One funny mistake

Chao_Ren · June 3, 2025, 5:44pm

I finally started transcribing today and have been pleasantly surprised by how accurate Leo can be, so first of all my thanks to Jon and the whole Leo team for developing this.

I transcribed 140 pages in two batches, and did encounter one small problem that was somewhat amusing. In the 70 pages that I tried to transcribe, there was one page that was a hand-drawn map (honestly I should have taken it out). The first words on the left read “To Myotha.” Leo transcription probably could not recognize the hand-drawn map, so what I got was, to my great surprise, NINETEEN pages of “To Myotha,” 37 lines on each page. It was a lot of “To Myotha”! It didn’t really hinder my ability to read the document–I just found Leo’s reaction to be quite funny.

Jon · June 4, 2025, 2:26pm

Hi Chao, many thanks for this. I’m glad you’ve had a chance to start using Leo and that it’s working well!

These lines of repetitive text are known as hallucinations.

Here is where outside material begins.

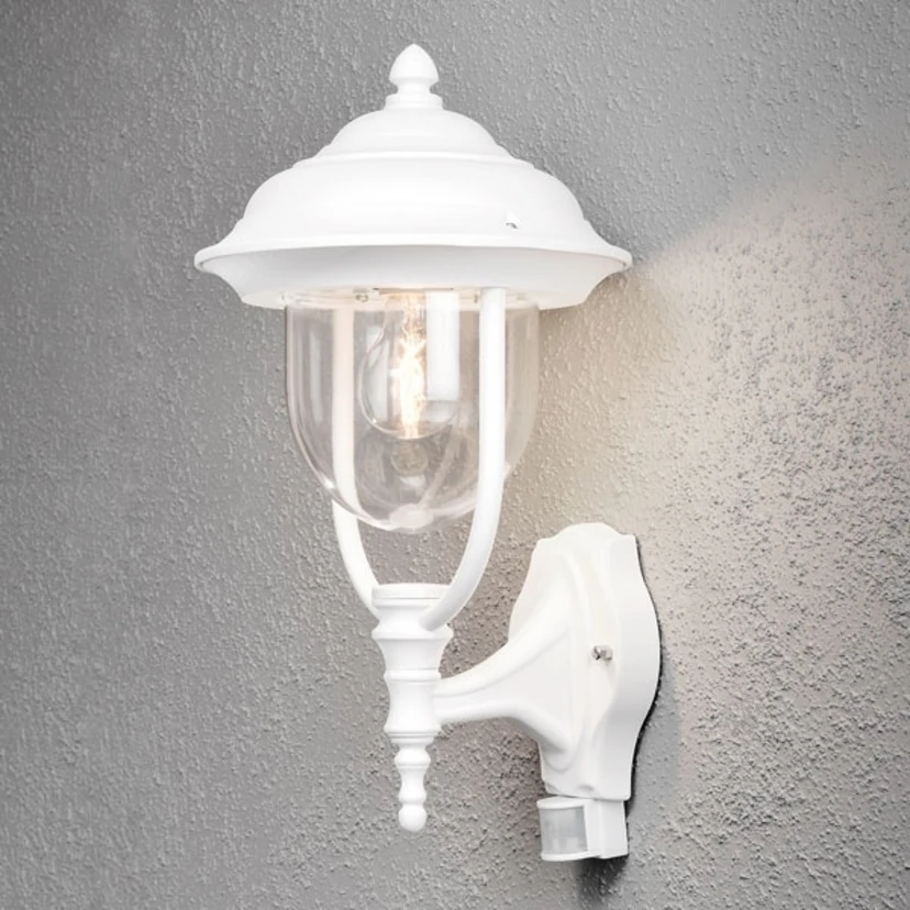Romantische buitenwandlamp Parma met praktische bewegingsmelder Parma is een klassieke buitenwandlamp van aluminium met helder acryl en een bewegingsmelder. Ze zorgt voor een efficiënte en veilige verlichting. De mooi gevormde kap en decoraties geven de lamp een licht nostalgisch effect. De bewegingsmelder heeft een bereik van 5 m en een detectiehoek van 140°. Die lichtduur kan worden ingesteld van 5 seconden tot 8 MINERS.

They’re common in outputs from large language models and can be equal parts strange, amusing and disturbing. I try to explain what’s going on with them here:

They should slowly become less prevalent as we train and improve the model. We’re also thinking about ways to detect hallucinations and avoid charging a credit / showing them to the user.

Chao_Ren · June 4, 2025, 10:29pm

Thank you Jon! This makes a lot of sense. Unfortunately I ran into another case like this today for about 12 pages, and it is not about the image being not in the correct direction, so I am not sure what exactly caused this hallucination–was it probably because some of the handwriting from the back of the paper seems visible too? Leo has been pretty good so far with decoding this kind of manuscripts for me, but not sure whether this would cause a problem like I have encountered.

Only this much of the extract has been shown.